Multiscale Interaction Purification-Based Global Context Network for Industrial Process Fault Diagnosis

The application of deep convolutional neural networks (CNNs) has gained popularity in the field of industrial process fault diagnosis. However, conventional CNNs primarily extract local features through convolution operations and have limited receptive fields. This leads to insufficient feature expression, as CNNs neglect the temporal correlations in industrial process data, ultimately resulting in lower diagnostic performance. To address this issue, a multiscale interaction purification-based global context network (MIPGC-Net) is proposed. First, we propose a multiscale feature interaction refinement (MFIR) module. The module aims to extract multiscale features enriched with combined information through feature interaction while refining feature representations by employing the efficient channel attention mechanism.

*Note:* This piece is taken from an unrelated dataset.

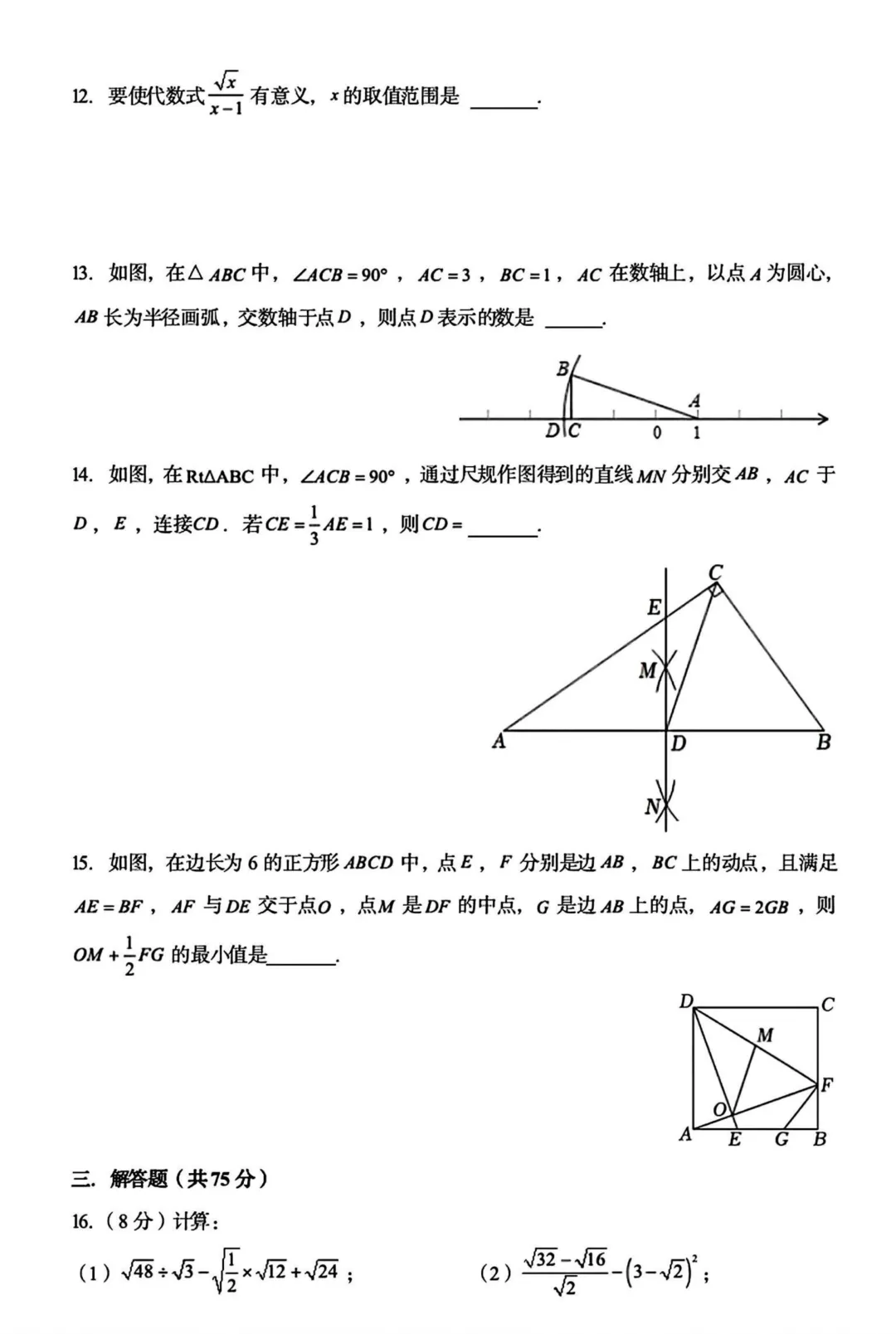 2026徐州铜山一模语文数学试卷(徐州县区一模真题)

Next, we develop a wide temporal dependency feature extraction sub-network (WTD) by integrating the MFIR module with the global context network. This sub-network can capture the temporal correlation information from the input, enhancing the comprehensive perception of global information. Finally, MIPGC-Net is constructed by stacking multiple WTD sub-networks to perform fault diagnosis in industrial processes, effectively capturing both local and global information. The proposed method is validated on both the Tennessee Eastman and the Continuous Stirred-Tank Reactor processes, confirming its effectiveness.